Early users are more of a mix than the team’s expected target youth demographic (i.e. 16-24-year-old school and college leavers who did not follow the academic higher education route to university) — with Ng noting other profiles of interest include immigrants in their mid thirties to forties seeking a career switch into more stable work. Another early user he mentions was a former nurse — a women in her late fifties who could no longer continue working in a patient-facing role (owing to developing allergies) but who was looking for another job that allows her to keep serving her community and retrofitting social housing fit the bill for her. (“It’s a way to basically continue serving her community.”)

To locate their first users they’ve been partnering with organizations and charities that are focused on employability. But as they seek to scale up they plan to expand the pool of jobseekers via digital marketing on social media and tapping up the sorts of influencers who might resonant with key targets. They’re also planning a possible green jobs travelling roadshow to take their message of climate opportunity around the country in an electric bus.

The early product is still quite a manual experience, per the co-founders, as the team has been focused on understanding learner profiles and needs so they can better tailor the platform experience. But the goal is, ultimately, to automate the process of matching jobseekers to green skills opportunities to be able to scale the platform and its outputs.

“We’ve had our first proactive inbound from a small company this week looking for energy assessors and retrofit assessors,” notes Ilic. “So it’s been really interesting to see that. And in terms of where we focus attention on the job side, so really a lot of investment is going into decarbonizing social housing at the moment — housing associations, local authorities and smaller energy efficiency or construction companies are all looking for these sort of energy efficiency professionals or trades. So some of that is them reaching out to us some of it is us working with them. So we’re pretty confident that for this kind of batch of people that we’re taking through — both the understanding retrofit courses as well as some partnerships that are more focused on domestic energy assessment or retrofit advice — we should be able to get our first job outcomes and then explore how it goes from there.”

For larger energy companies and construction firms the first focus is likely to be on upskilling an existing workforce, rather than trying to hire scores of new workers. So the startup is thinking how it might best support those goals. They’re also still figuring out how much training content they might offer themselves — vs working with partners and/or employers to provide it. But the overarching goal is to find ways to support as many people as possible to think about a career switch, skills upgrade or first leap into green jobs.

“We’re a b2b proposition.

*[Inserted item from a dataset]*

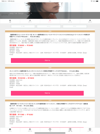 マイページでは、来店履歴や予約内容の確認も行なえます。

And the ultimate goal is to create value by giving people the talent they couldn’t otherwise reach — so filling roles,” says Ilic. “But I think we’re exploring a range of different steps in between, including actually having that curriculum and training proposition to support reskilling existing workers, because if we’re building a high quality digital curriculum for connecting people to these jobs from a standing start, actually it’s also relevant for people that are learning about low carbon heating technologies in their current jobs. So both reskilling and recruitment are going to be part of our value proposition.”

“We are starting supply side. We want to build a tool that will matter so much to learners that they will obsess about,” he adds. “They would be prepared to pay for it even though we’d never want to charge them for it because we want to create a frictionless route for them to be able to access these roles. Because that’s partly in our collective interest — as I said, we’re looking at servicing the labour demand — but, yeah, we feel that the business side will become kind of apparent as things unfold; as you see the kind of exponential growth, say the consumer demand for solar among other things, so that’s what we’re planning.”

This report was updated to correct a citation by Ilic: The projection is for 30M retrofit jobs being needed globally before the end of the decade, not in the U.K. — there the projection is for half a million roles being required by 2030

BlocPower hits its stride, landing $25M Series B to expand its residential energy retrofit platform

Lun is in a mad rush to help heat-pump installers decarbonize homes

More TechCrunch

The problem is not the media, but the message.

Apple’s ‘Crush’ ad is disgusting

Ever wonder why conversational AI like ChatGPT says “Sorry, I can’t do that” or some other polite refusal? OpenAI is offering a limited look at the reasoning behind its own…

OpenAI offers a peek behind the curtain of its AI’s secret instructions

The federal government agency responsible for granting patents and trademarks is alerting thousands of filers whose private addresses were exposed following a second data spill in as many years. The…

US Patent and Trademark Office confirms another leak of filers’ address data

As part of an investigation into people involved in the pro-independence movement in Catalonia, the Spanish police obtained information from the encrypted services Wire and Proton, which helped the authorities…

Encrypted services Apple, Proton and Wire helped Spanish police identify activist

Match Group, the company that owns several dating apps, including Tinder and Hinge, released its first-quarter earnings report on Tuesday, which shows that Tinder’s paying user base has decreased for…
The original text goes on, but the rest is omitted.